For instance, one structural feature that isn’t well-represented by embedding techniques is the density of triangles, which exemplify the connections between three people. The presence of many triangles in a social network indicates an abundance of community structure. However, many of these data-rich triangles disappear in the embedding process.
“We suspected that low-dimensional embeddings couldn’t perform well in capturing community structure, but we were surprised at how poorly they performed,” said Seshadhri.
The team’s findings effectively downplay the view that these embeddings are powerful machine learning methods, as the small list of numbers that these techniques generate cannot possibly fully express the inherent complexity of social networks. Of course, embeddings aren’t the only method that could be used for analysis and prediction, and the team’s work suggests that it may be a better idea to use a variety of machine learning methods, rather than just relying on one technique, and to examine the assumptions that people might have about certain machine learning methods.
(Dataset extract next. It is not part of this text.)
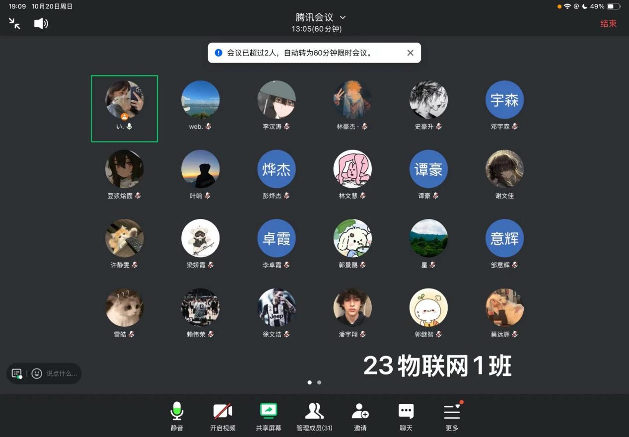 10月20日晚,为增强学生的集体意识与综合素质,KY开元集团于线上开展2024年秋季学期第8周班会,会议由班长和辅导员主持,全体同学参会。

“I think work such as this is useful to practitioners, who will get a more complete picture of machine learning techniques,” noted Seshadhri. “Often, these techniques are highly mathematical and involve complicated code. It is hard for a non-expert to understand what works and what doesn’t. So naturally, people resort to looking at common research trends and follow the popular techniques. Ultimately, we need more work on investigating whether these techniques can truly deliver what they promise.”
Read more over at Proceedings of the National Academy of Sciences.
Feature image by Alina Grubnyak via Unsplash.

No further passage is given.